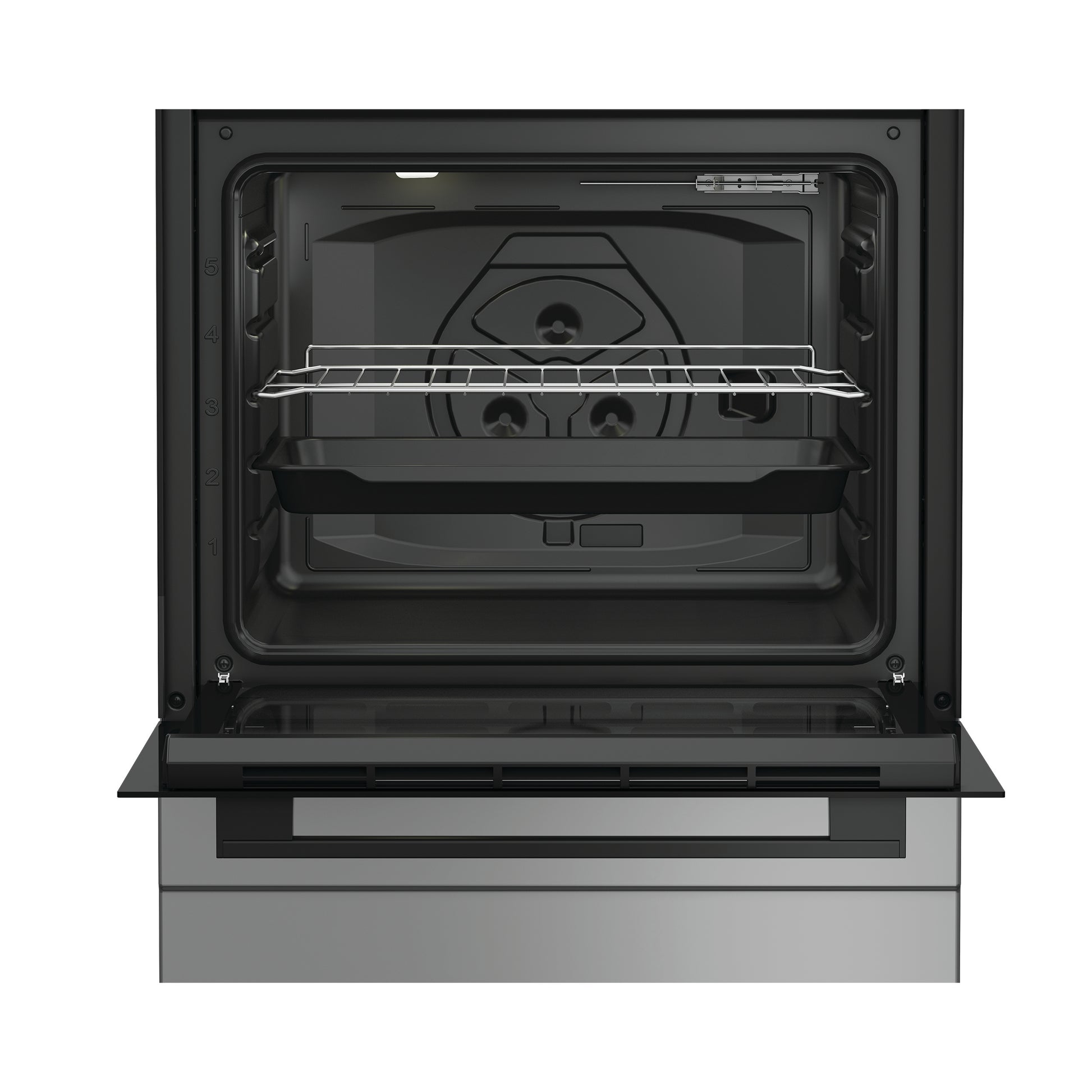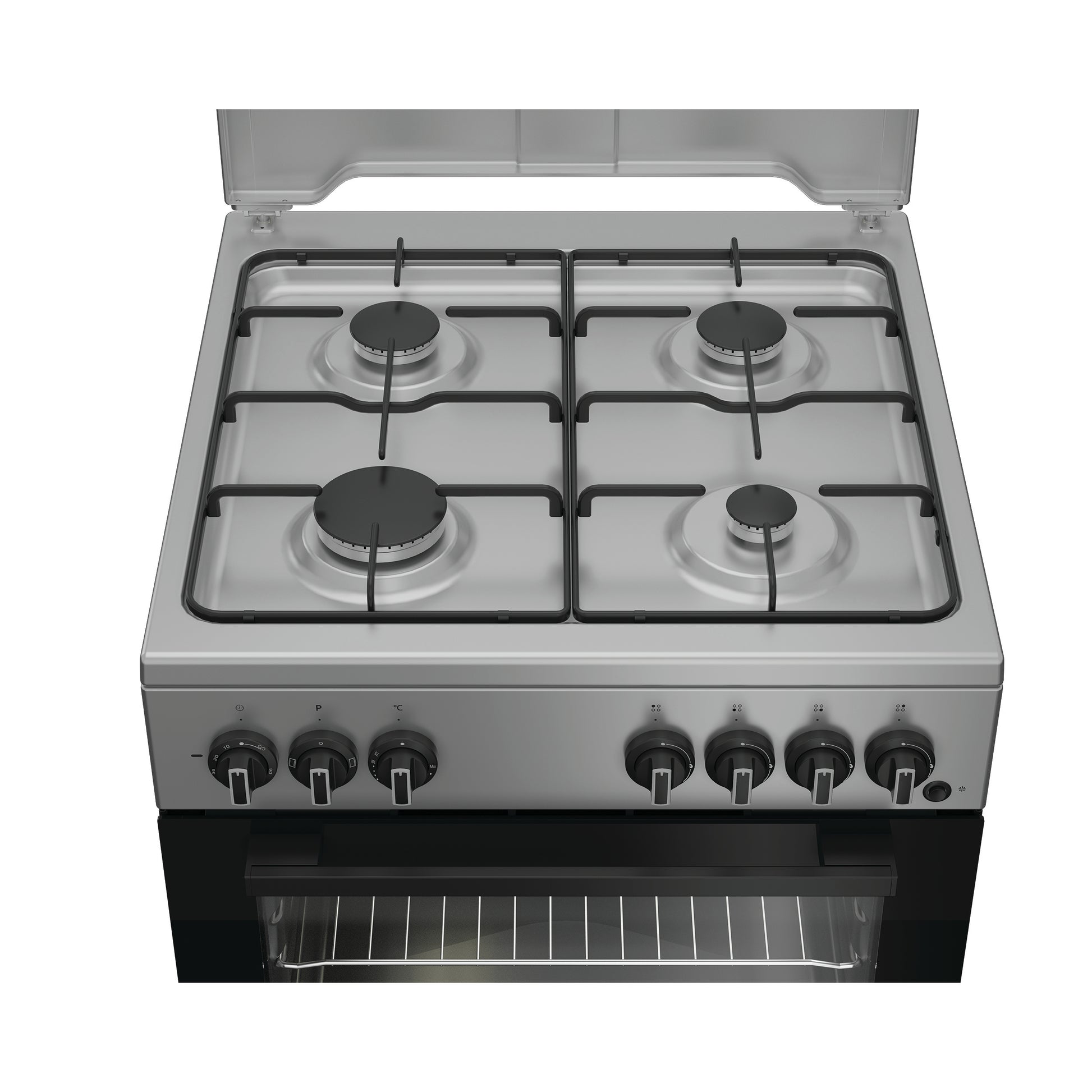 Fogão a gás natural com forno elétrico, capacidade do forno de 73 litros e 4 queimadores, equipado com grill elétrico e tampo metálico.
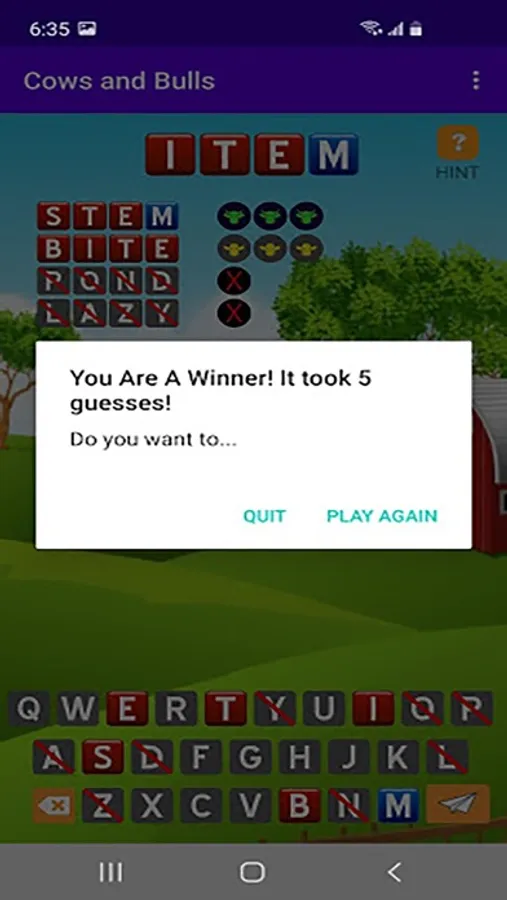 Allow the game to pick a word and challenge yourself to guess the word in as few attempts as possible. The game will let you know if your guess word has any right letters in the right positions (Bulls), right letters in the wrong positions (Cows), or invalid letters, and using the evaluation, you can strive to logically arrive at the right word.
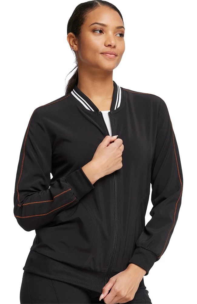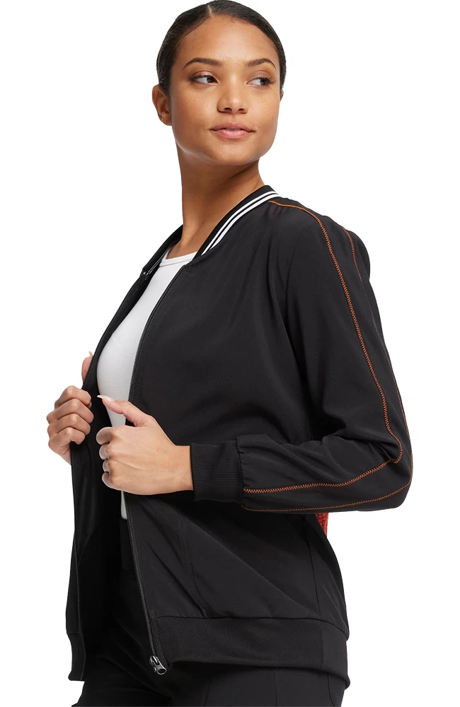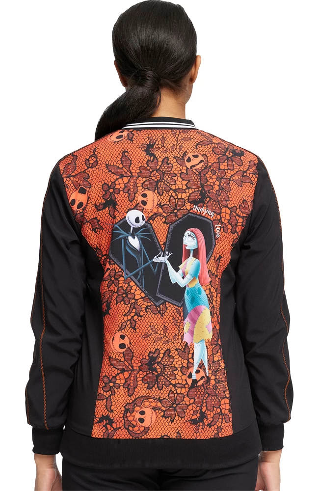 Give your scrub style some edge with the Nightmare Before Christmas-themed Tooniforms by Cherokee Women’s Undying Love Print Bomber Jacket. The orange lace print back adds a touch of spooky romance, while the solid black front keeps the look casually cool.
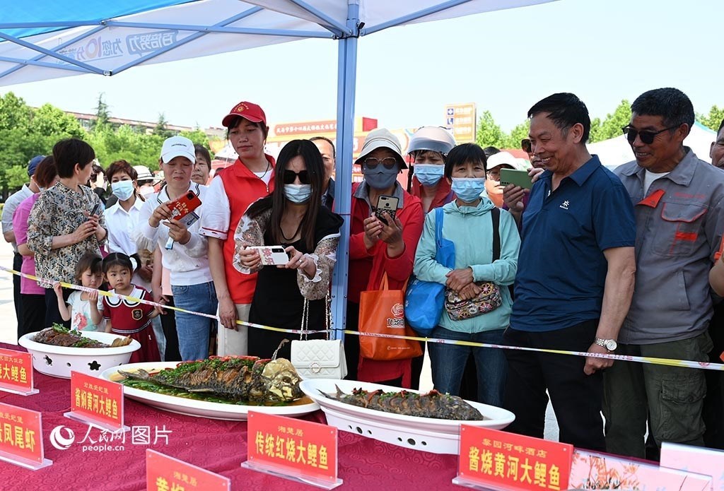 5月17日,“中國旅游日”主題周活動期間,河南省義馬市舉辦“櫻紅五月”美食節(jié),集中展示當?shù)氐奶厣朗场⒚麅?yōu)特產(chǎn),為了讓游客有更好的體驗,當?shù)?2家飯店還進行了精彩紛呈的廚藝大比拼?;顒蝇F(xiàn)場,游客在圍觀經(jīng)典豫菜“紅燒黃河大鯉魚”。人民網(wǎng)記者 王玉興攝
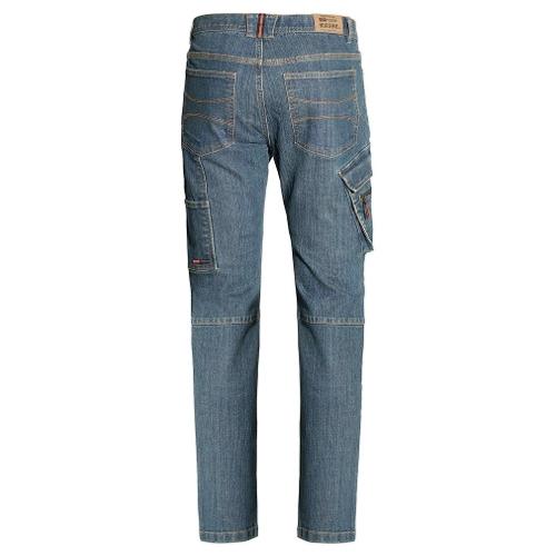 Jeans elasticizzato, con tasca anteriore porta cellulare a scomparsa e tasca posteriore portametro, tascone laterale inclinato a due scomparti con chiusura a patta e zip. Patta con chiusura a bottoni.
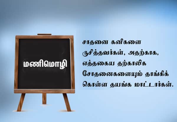 சாதனை கனிகளை ருசித்தவர்கள், அதற்காக, எத்தகைய தற்காலிக சோதனைகளையும் தாங்கிக் கொள்ள தயங்க மாட்டார்கள்.
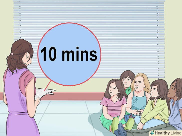Розділяйте уроки на часові відрізки.якщо ви працюєте з новачками або учнями наймолодшого віку, то розділяйте уроки на кілька відрізків по 10 хвилин. Завдяки цьому учні не втратять концентрацію, а ви не перевантажите їх кількістю нової інформації.- Не обов'язково дотримуватися рівно 10 хвилин. Можна трохи розширити відрізки, якщо це позитивно позначиться на навчанні.
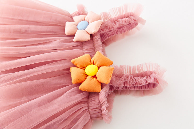 Vestido Infantil con Volantes Tul y Florecitas
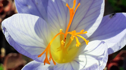 Нет, конечно, потому что цветут у меня сейчас осенние крокусы. В конце сентября я купила три разных сорта, один из них свой первый цветок явил моему взору в середине октября, цветёт он и на сегодняшний день, так как оказалось, что из некоторых луковиц после увядания первого бутона, появлялся второй и таким образом цветение длится уже почти месяц. Сильный ливень за это время был всего один раз, после него цветы расквасились, все остальные погодные явления этот сорт не замечает, цветёт и цветёт. За это время я его подробно рассмотрела и запомнила, сорт Зонатус (Crocus kotschyanus Zonatus)...
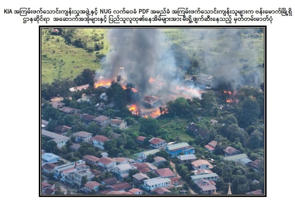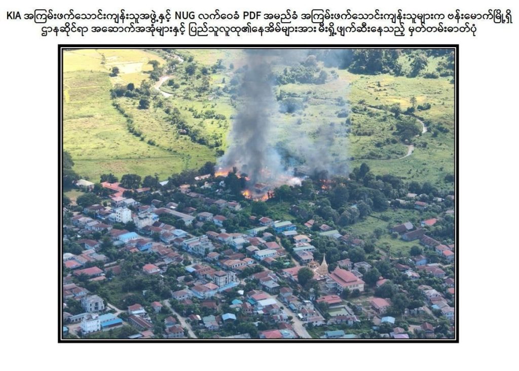 ထို့ကြောင့် အကြမ်းဖက်သောင်းကျန်းသူများ မီးရှို့ဖျက်ဆီးခဲ့သည့် ဗန်းမောက် မြို့အတွင်းရှိ အဆောက်အအုံများအား မီးအမြန်ဆုံးငြှိမ်းသတ်နိုင်ရေး အခြားသော ဗန်းမောက်မြို့နေပြည်သူလူထု၏အဆောက်အအုံများ မီးကူးစက်မှုမရှိစေရေး၊ ထပ်မံ၍အခြားအကြမ်းဖက်လုပ်ရပ်များ လုပ်ဆောင်မှု မရှိစေရေးအတွက် တပ်မတော်စစ်ကြောင်းများက ရင်ဆိုင်တိုက်ခိုက်လျက်ရှိသည့် လက်ကျန်အကြမ်းဖက် သောင်းကျန်းသူများအား အမြန်ဆုံးလက်စတုံးတိုက်ခိုက်ချေမှုန်းလျက်ရှိကြောင်း သိရပါတယ်။
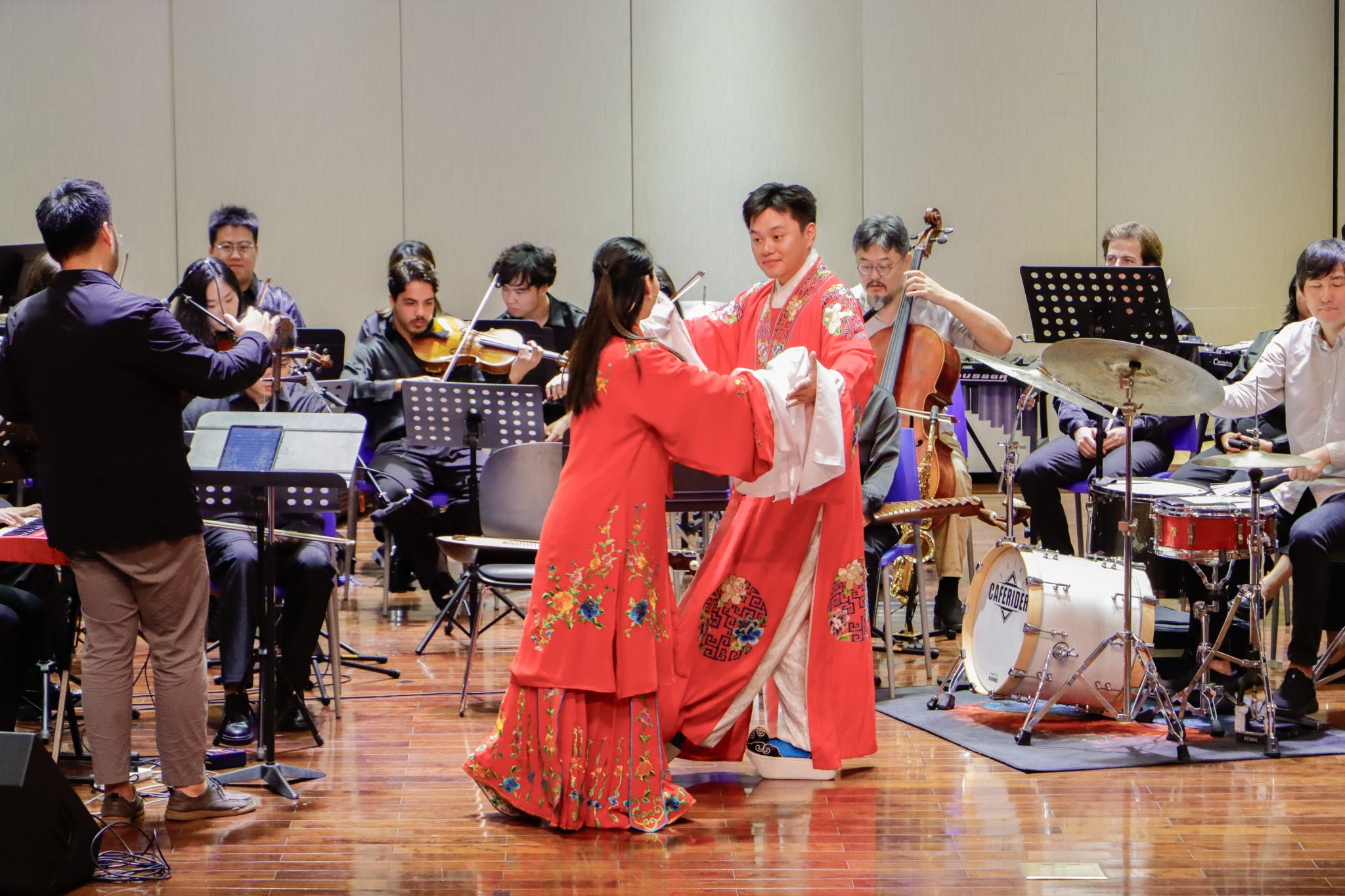 而当传统戏曲遇上流行乐,又会碰撞出怎样的火花?音乐会正式开始前,北师港浸大音乐系师生以乐会友,携手戏曲界嘉宾,与乐团合作呈上一场穿越古今、跨越山海的交流表演。爵士×粤剧《花好月圆》、放克×京剧《苏三起解》,以及打破苍凉激越印象的爵士×秦腔《麻鞋底》,一系列极具创意的改编让人耳目一新,赢得台下掌声连连。
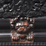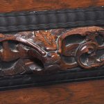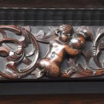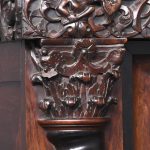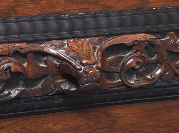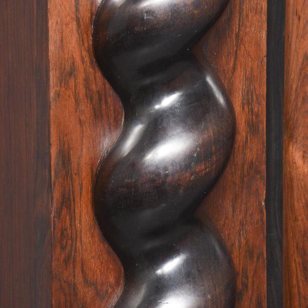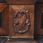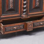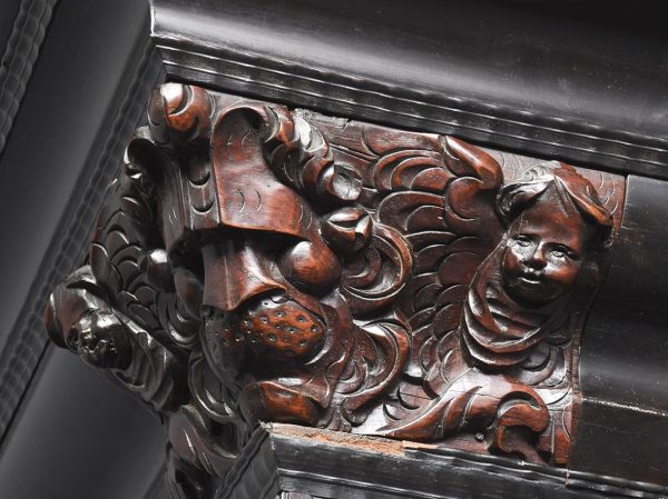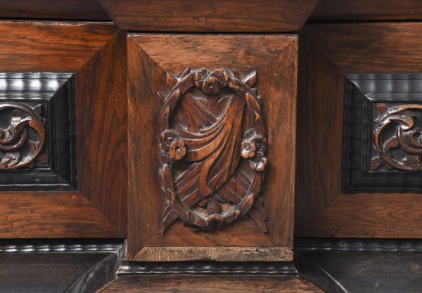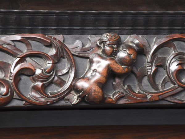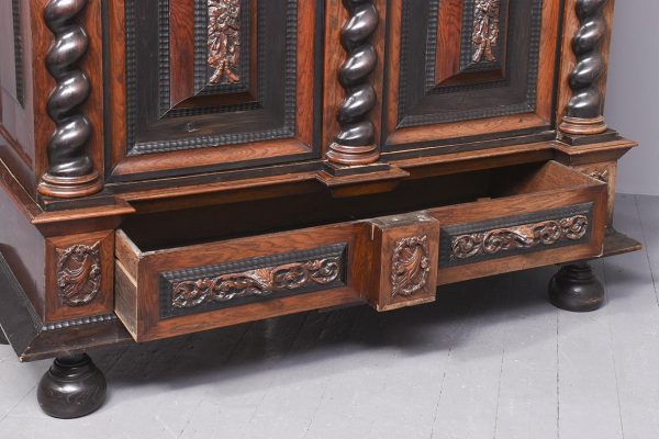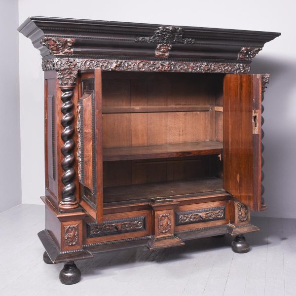Circa 1680. A late 17th Century Flemish/Dutch rosewood ebony and ebonized kast. The projecting cornice carved with a lion’s mask with a rampant lion cartouche above a frieze carved with foliate scrolls and putti. The panel moulded doors with ripple carving and trailing flower garlands, flanked and divided by spiral carved columns, the central column is movable, concealing the escutcheon, opening to a shelved interior on a breakfront base with one long drawer, carved with further foliate scrolls, raised on four large squat bun feet.
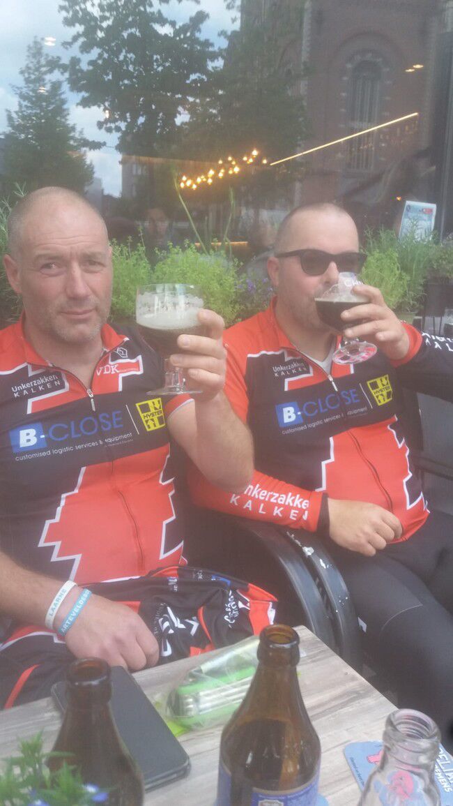 Een bevoorrading die door de loden hitte en het stevig doorfietsen (Geert hing regelmatig ne keer tussen zijn kader ) meer dan welkom was.

▶ _What to produce_
Give the lines above again exactly, from the one containing "Розділяйте уроки на часові" to the one containing "Vestido Infantil con", both included, but leave out the pictures.

▶ _Task output_
Розділяйте уроки на часові відрізки.якщо ви працюєте з новачками або учнями наймолодшого віку, то розділяйте уроки на кілька відрізків по 10 хвилин. Завдяки цьому учні не втратять концентрацію, а ви не перевантажите їх кількістю нової інформації.- Не обов'язково дотримуватися рівно 10 хвилин. Можна трохи розширити відрізки, якщо це позитивно позначиться на навчанні.
 Vestido Infantil con Volantes Tul y Florecitas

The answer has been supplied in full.